12/4/2020
‘Never Waste a Good Pandemic’
Historians in the Newstags: University of Colorado, tenure, academic labor, colleges and universities
The University of Colorado at Boulder’s College of Arts and Sciences dean said this week that he hopes to replace 50 tenured and tenure-track faculty members with 25 instructors who will teach more and earn less. His goal is to build more flexibility into the college’s post-COVID-19 budget.
The faculty positions are hypothetical and the numbers are just examples, James White, interim dean, said in an interview Thursday. About 60 professors are taking incentivized retirement as part of an effort to cut the college’s budget by 8 percent. No one is getting laid off. But going forward, White believes that employing relatively more non-tenure-track instructors means the college can provide midcareer and other support to the tenured professors it retains.

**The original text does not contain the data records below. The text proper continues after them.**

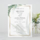 Programa Casamento de Aquarela | Certifique-se de que seus convidados sabem o que está acontecendo e quando esperar que evento - no verso está uma lista de toda a festa de casamento. Folhas verdes tropicais modernas e elegantes ao redor de uma estrutura geométrica dourada em cantos diagonais. O reverso é uma cor complementar coordenada. Personalizar texto, estilo de fonte, cor e tamanho. Arte original criada para o BarefootBride™ por © WhimsicalArtwork™. Esta é parte de um Conjunto de Papelaria de Casamento com casamento, chá de fraldas e outros artigos de papelaria.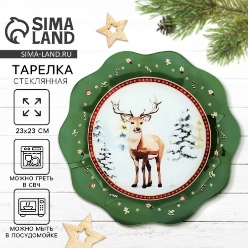 Новогодняя стеклянная тарелка диаметром 20 см — идеальный выбор для сервировки стола.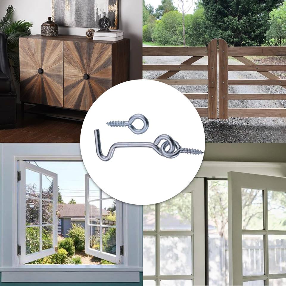 Kit de Cerradura de Puerta Hanlix de Fábrica, de Acero, Latón, Zincado Negro, de 2, 3 y 4 Pulgadas, con Gancho y Pestillo, para Ventanas y Cerraduras de Cabina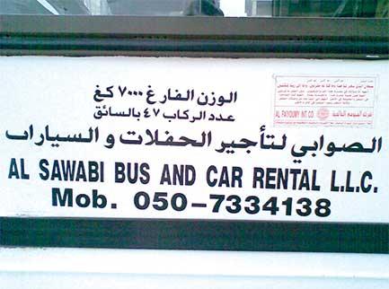 وضع صاحب شركة تأجير حافلات وسيارات لافتة عريضة كتب عليها «تأجير الحفلات» ولم يفرق بين الحافلات والحفلات، كما كتب كلمة سيارات من دون وضع النقاط على حرف التاء فصارت بلا معنى، ولا أحد يستطيع فهم الإعلان الا باللغة الانجليزية.

“Cutting is hard but growing back intelligently can be even harder,” White said. “Never waste a good pandemic.”
To many, White’s proposal read as an attack on tenure, shared governance and the notion of higher education as a public good.
Rob Rupert, professor of philosophy and chair of Boulder’s Arts and Sciences Council, said the plan -- if it happens -- is part of a years-long trend away from tenure-track hiring that would “rob UC-Boulder of its legitimacy as a research university.”
In the research university tradition, institutions gain the “intellectual and moral authority” to offer courses and confer degrees by employing faculty members who are “active practitioners” in their disciplinary areas of expertise, Rupert said. So purposely denying swaths of the faculty time and resources to do active research puts Boulder on the path to becoming a “middle-of-the-road regional school,” leaving Colorado without its flagship university.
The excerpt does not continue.